● **Task directions**
Reproduce the entries beneath exactly, without their images.
Top of Source material
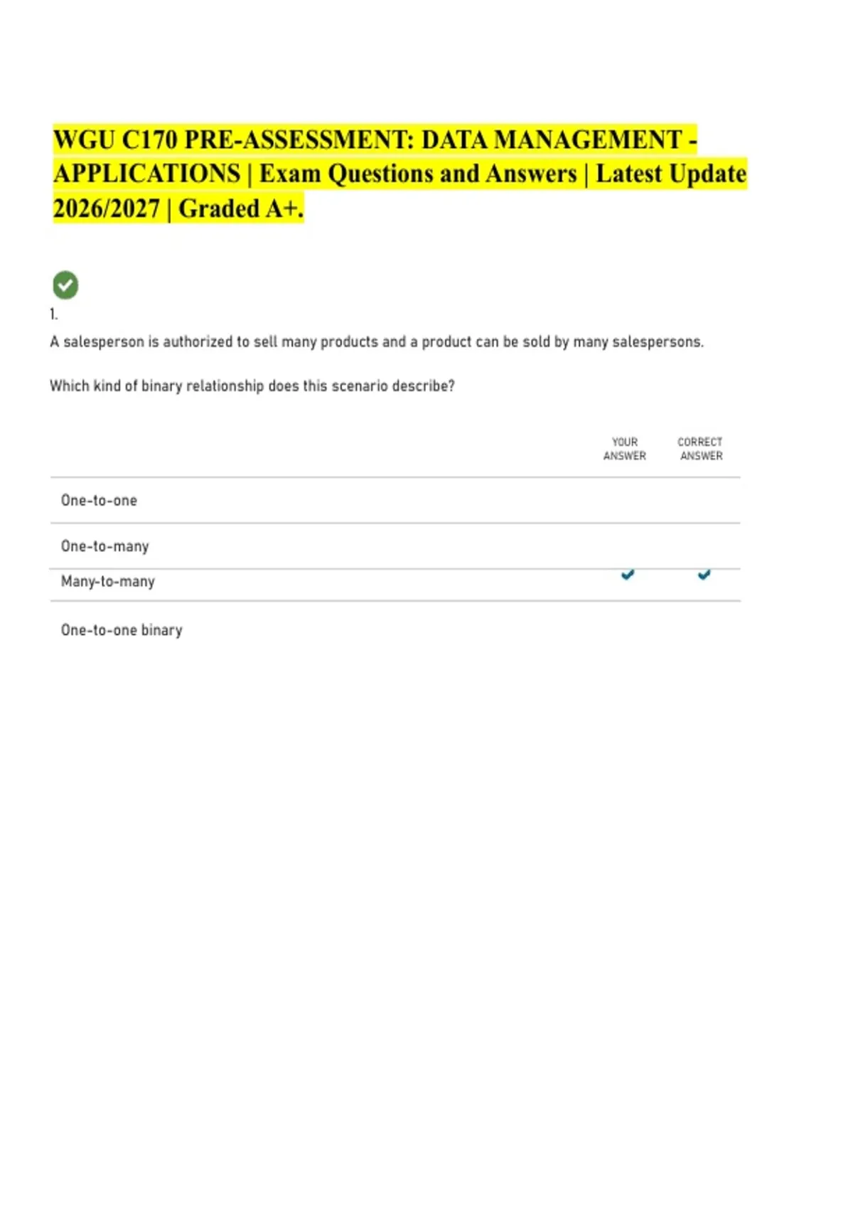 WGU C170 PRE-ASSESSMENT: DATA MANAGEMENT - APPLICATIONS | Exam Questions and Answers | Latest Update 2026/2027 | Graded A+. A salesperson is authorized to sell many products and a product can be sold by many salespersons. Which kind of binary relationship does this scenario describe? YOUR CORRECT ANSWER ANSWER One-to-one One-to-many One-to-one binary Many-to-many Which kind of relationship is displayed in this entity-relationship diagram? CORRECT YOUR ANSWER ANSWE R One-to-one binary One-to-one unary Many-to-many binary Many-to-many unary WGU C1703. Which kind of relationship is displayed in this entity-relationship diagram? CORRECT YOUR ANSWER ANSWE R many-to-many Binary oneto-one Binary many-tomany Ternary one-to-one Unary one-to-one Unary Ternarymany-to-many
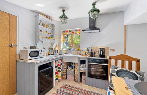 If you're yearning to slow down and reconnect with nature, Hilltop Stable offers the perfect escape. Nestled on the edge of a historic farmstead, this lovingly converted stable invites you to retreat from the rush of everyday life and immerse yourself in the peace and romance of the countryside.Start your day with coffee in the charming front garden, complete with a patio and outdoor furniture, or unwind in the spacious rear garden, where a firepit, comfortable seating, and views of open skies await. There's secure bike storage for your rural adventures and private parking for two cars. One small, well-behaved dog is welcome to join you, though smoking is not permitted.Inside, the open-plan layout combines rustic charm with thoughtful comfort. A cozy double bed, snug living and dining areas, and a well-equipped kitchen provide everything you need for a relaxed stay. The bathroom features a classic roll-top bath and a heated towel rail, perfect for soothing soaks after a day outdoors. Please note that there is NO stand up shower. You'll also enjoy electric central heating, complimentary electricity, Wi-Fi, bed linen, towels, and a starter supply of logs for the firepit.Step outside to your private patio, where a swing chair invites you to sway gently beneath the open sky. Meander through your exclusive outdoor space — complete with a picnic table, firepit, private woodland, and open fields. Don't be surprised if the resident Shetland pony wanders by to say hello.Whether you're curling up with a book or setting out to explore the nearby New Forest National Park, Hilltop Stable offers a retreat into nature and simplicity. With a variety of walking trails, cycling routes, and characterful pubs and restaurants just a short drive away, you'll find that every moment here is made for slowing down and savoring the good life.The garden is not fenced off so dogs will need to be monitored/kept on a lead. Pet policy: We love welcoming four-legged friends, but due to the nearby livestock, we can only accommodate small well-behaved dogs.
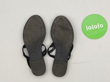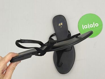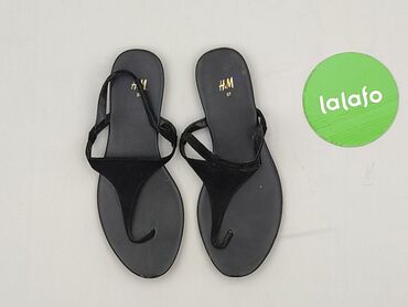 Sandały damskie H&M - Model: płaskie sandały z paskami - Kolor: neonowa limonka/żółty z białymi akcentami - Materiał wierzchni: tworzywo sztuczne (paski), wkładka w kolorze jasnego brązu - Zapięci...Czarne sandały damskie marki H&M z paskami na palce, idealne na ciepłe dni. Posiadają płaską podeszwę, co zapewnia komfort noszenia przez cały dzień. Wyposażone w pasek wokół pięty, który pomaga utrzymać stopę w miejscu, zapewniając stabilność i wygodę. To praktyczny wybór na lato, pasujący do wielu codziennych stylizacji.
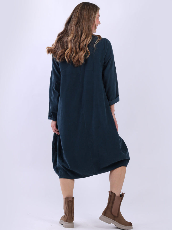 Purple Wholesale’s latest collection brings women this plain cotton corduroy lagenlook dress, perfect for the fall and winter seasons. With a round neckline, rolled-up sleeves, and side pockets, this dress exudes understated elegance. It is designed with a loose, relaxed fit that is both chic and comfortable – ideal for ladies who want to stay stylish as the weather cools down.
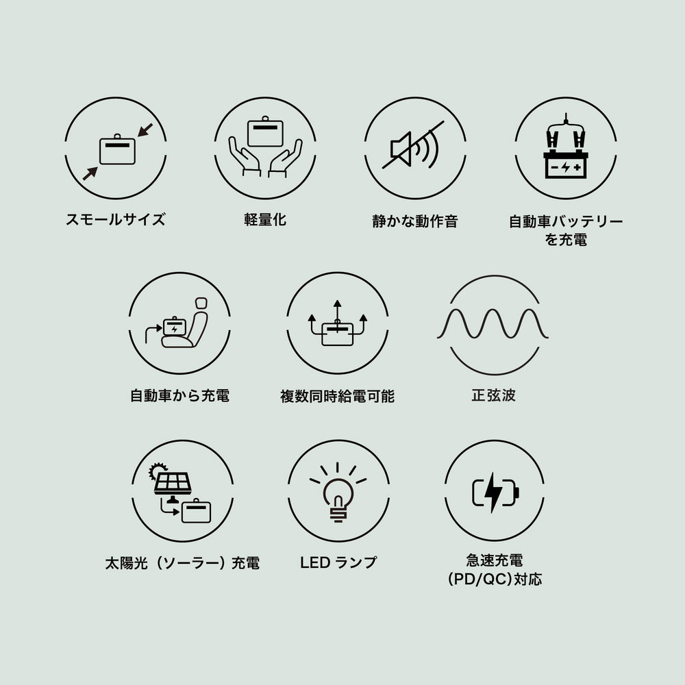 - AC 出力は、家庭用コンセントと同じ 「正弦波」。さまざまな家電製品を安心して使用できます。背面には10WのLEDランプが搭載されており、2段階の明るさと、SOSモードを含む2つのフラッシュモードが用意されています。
Bottom of Source material
● **Result**
 WGU C170 PRE-ASSESSMENT: DATA MANAGEMENT - APPLICATIONS | Exam Questions and Answers | Latest Update 2026/2027 | Graded A+. A salesperson is authorized to sell many products and a product can be sold by many salespersons. Which kind of binary relationship does this scenario describe? YOUR CORRECT ANSWER ANSWER One-to-one One-to-many One-to-one binary Many-to-many Which kind of relationship is displayed in this entity-relationship diagram? CORRECT YOUR ANSWER ANSWE R One-to-one binary One-to-one unary Many-to-many binary Many-to-many unary WGU C1703. Which kind of relationship is displayed in this entity-relationship diagram? CORRECT YOUR ANSWER ANSWE R many-to-many Binary oneto-one Binary many-tomany Ternary one-to-one Unary one-to-one Unary Ternarymany-to-many
 If you're yearning to slow down and reconnect with nature, Hilltop Stable offers the perfect escape. Nestled on the edge of a historic farmstead, this lovingly converted stable invites you to retreat from the rush of everyday life and immerse yourself in the peace and romance of the countryside.Start your day with coffee in the charming front garden, complete with a patio and outdoor furniture, or unwind in the spacious rear garden, where a firepit, comfortable seating, and views of open skies await. There's secure bike storage for your rural adventures and private parking for two cars. One small, well-behaved dog is welcome to join you, though smoking is not permitted.Inside, the open-plan layout combines rustic charm with thoughtful comfort. A cozy double bed, snug living and dining areas, and a well-equipped kitchen provide everything you need for a relaxed stay. The bathroom features a classic roll-top bath and a heated towel rail, perfect for soothing soaks after a day outdoors. Please note that there is NO stand up shower. You'll also enjoy electric central heating, complimentary electricity, Wi-Fi, bed linen, towels, and a starter supply of logs for the firepit.Step outside to your private patio, where a swing chair invites you to sway gently beneath the open sky. Meander through your exclusive outdoor space — complete with a picnic table, firepit, private woodland, and open fields. Don't be surprised if the resident Shetland pony wanders by to say hello.Whether you're curling up with a book or setting out to explore the nearby New Forest National Park, Hilltop Stable offers a retreat into nature and simplicity. With a variety of walking trails, cycling routes, and characterful pubs and restaurants just a short drive away, you'll find that every moment here is made for slowing down and savoring the good life.The garden is not fenced off so dogs will need to be monitored/kept on a lead. Pet policy: We love welcoming four-legged friends, but due to the nearby livestock, we can only accommodate small well-behaved dogs.
 Sandały damskie H&M - Model: płaskie sandały z paskami - Kolor: neonowa limonka/żółty z białymi akcentami - Materiał wierzchni: tworzywo sztuczne (paski), wkładka w kolorze jasnego brązu - Zapięci...Czarne sandały damskie marki H&M z paskami na palce, idealne na ciepłe dni. Posiadają płaską podeszwę, co zapewnia komfort noszenia przez cały dzień. Wyposażone w pasek wokół pięty, który pomaga utrzymać stopę w miejscu, zapewniając stabilność i wygodę. To praktyczny wybór na lato, pasujący do wielu codziennych stylizacji.
 Purple Wholesale’s latest collection brings women this plain cotton corduroy lagenlook dress, perfect for the fall and winter seasons. With a round neckline, rolled-up sleeves, and side pockets, this dress exudes understated elegance. It is designed with a loose, relaxed fit that is both chic and comfortable – ideal for ladies who want to stay stylish as the weather cools down.
 - AC 出力は、家庭用コンセントと同じ 「正弦波」。さまざまな家電製品を安心して使用できます。背面には10WのLEDランプが搭載されており、2段階の明るさと、SOSモードを含む2つのフラッシュモードが用意されています。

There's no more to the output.